> **TASK DESCRIPTION**: Restate the data below word for word. Leave the images out.

> **GIVEN MATERIAL**:
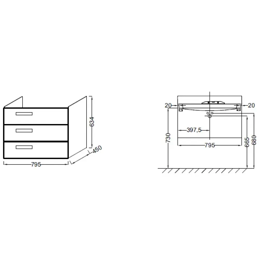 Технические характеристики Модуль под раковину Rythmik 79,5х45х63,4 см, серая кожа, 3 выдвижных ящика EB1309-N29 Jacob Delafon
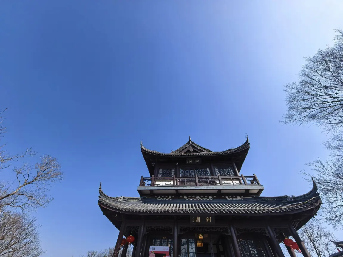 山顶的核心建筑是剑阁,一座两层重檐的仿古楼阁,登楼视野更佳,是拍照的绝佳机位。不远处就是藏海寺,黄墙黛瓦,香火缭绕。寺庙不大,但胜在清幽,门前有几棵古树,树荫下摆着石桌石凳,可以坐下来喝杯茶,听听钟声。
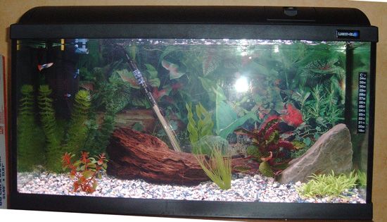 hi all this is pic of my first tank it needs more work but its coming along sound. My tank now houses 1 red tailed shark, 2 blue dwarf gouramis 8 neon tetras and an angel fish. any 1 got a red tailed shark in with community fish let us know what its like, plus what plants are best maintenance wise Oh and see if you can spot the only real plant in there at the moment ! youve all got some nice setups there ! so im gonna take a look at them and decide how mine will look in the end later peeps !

> **ANSWER TO THIS TASK**:
 Технические характеристики Модуль под раковину Rythmik 79,5х45х63,4 см, серая кожа, 3 выдвижных ящика EB1309-N29 Jacob Delafon
 山顶的核心建筑是剑阁,一座两层重檐的仿古楼阁,登楼视野更佳,是拍照的绝佳机位。不远处就是藏海寺,黄墙黛瓦,香火缭绕。寺庙不大,但胜在清幽,门前有几棵古树,树荫下摆着石桌石凳,可以坐下来喝杯茶,听听钟声。
 hi all this is pic of my first tank it needs more work but its coming along sound. My tank now houses 1 red tailed shark, 2 blue dwarf gouramis 8 neon tetras and an angel fish. any 1 got a red tailed shark in with community fish let us know what its like, plus what plants are best maintenance wise Oh and see if you can spot the only real plant in there at the moment ! youve all got some nice setups there ! so im gonna take a look at them and decide how mine will look in the end later peeps !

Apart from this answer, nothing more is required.